BTC is trading at a critical juncture on the 4-hour chart, and the data is telling a story that contradicts the panic. RSI sits at 31.05 — not quite capitulation territory, but definitely in the oversold camp. MACD remains negative at -374.77, histogram showing -296.55, and the bias is officially bearish. EMA 9 at USD 67,290 is below EMA 21 at USD 67,726, confirming the short-term downtrend.
But here is what matters: zero liquidations in the past 24 hours. Not a single long or short got rekt. That does not happen in a market that is truly breaking down — it happens when everyone is already on the sidelines or too scared to touch leverage.

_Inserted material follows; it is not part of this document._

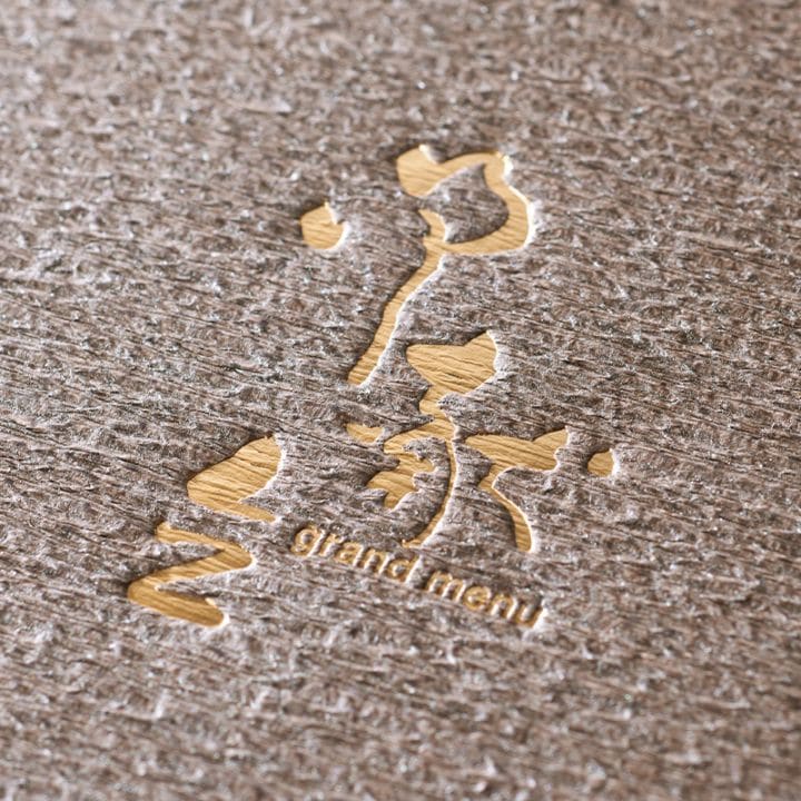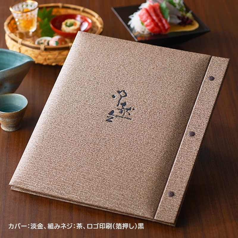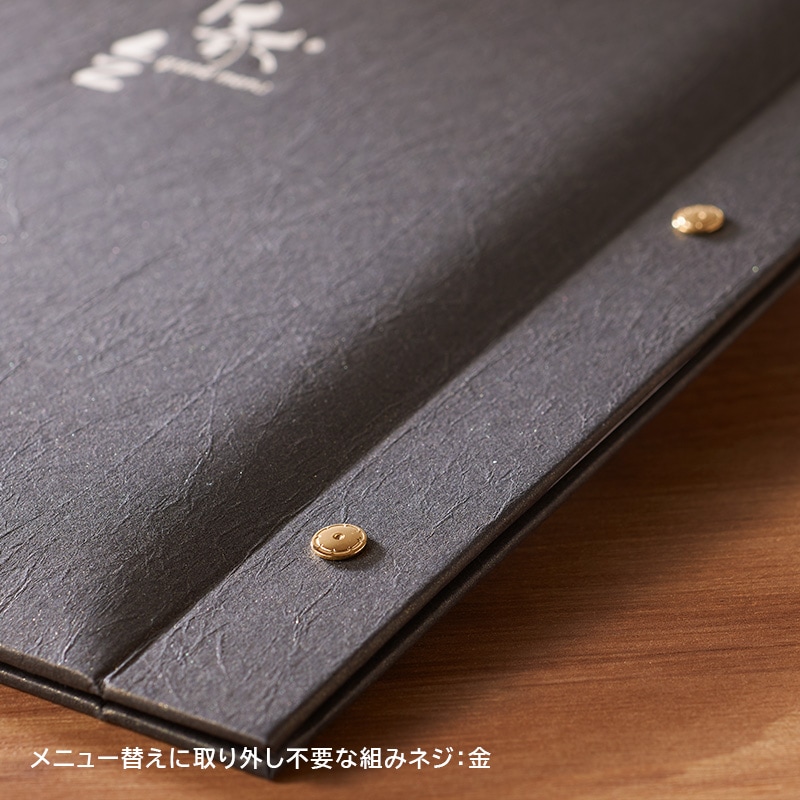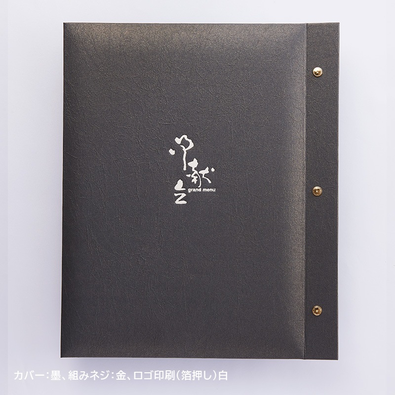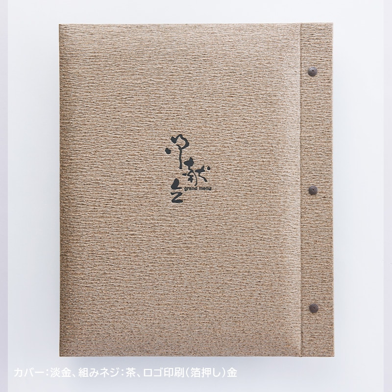 「檀紙」を再現した光沢のある和紙。ふっくらとした立体感とダイナミックなサイズ感が重厚な印象を与え、高級店にもふさわしいメニューブックです。

While retail panics, the data shows net inflow of USD 2.96 million on Ethereum alone over the past 12 hours. That is 105 inflow transactions totaling USD 3.21 million against 149 outflow transactions at just USD 249,569. Two whale transfers exceeding USD 1 million were detected, both heading to Binance.
Let me translate: the smart money is accumulating during this dip. Exchange wallets are seeing net positive inflow, which historically precedes price appreciation when sentiment is this bearish.
Funding rate is slightly positive at 0.0069% per 8h, not the negative funding that typically signals capitulation. Open interest is stagnant at USD 5.26 billion with zero change in 24 hours. This is not a squeeze setup — it is a coiled spring. No one is getting liquidated because no one is leveraged.
Fear & Greed printing 5 (Extreme Fear) — down from 10 last week. The crowd is terrified. The data says otherwise.
The question is not whether this reverses — it is who gets positioned first. You can wait for CNBC to tell you the bottom. They will. Three weeks from now.
NFA. DYOR. But if you are ignoring this setup, good luck.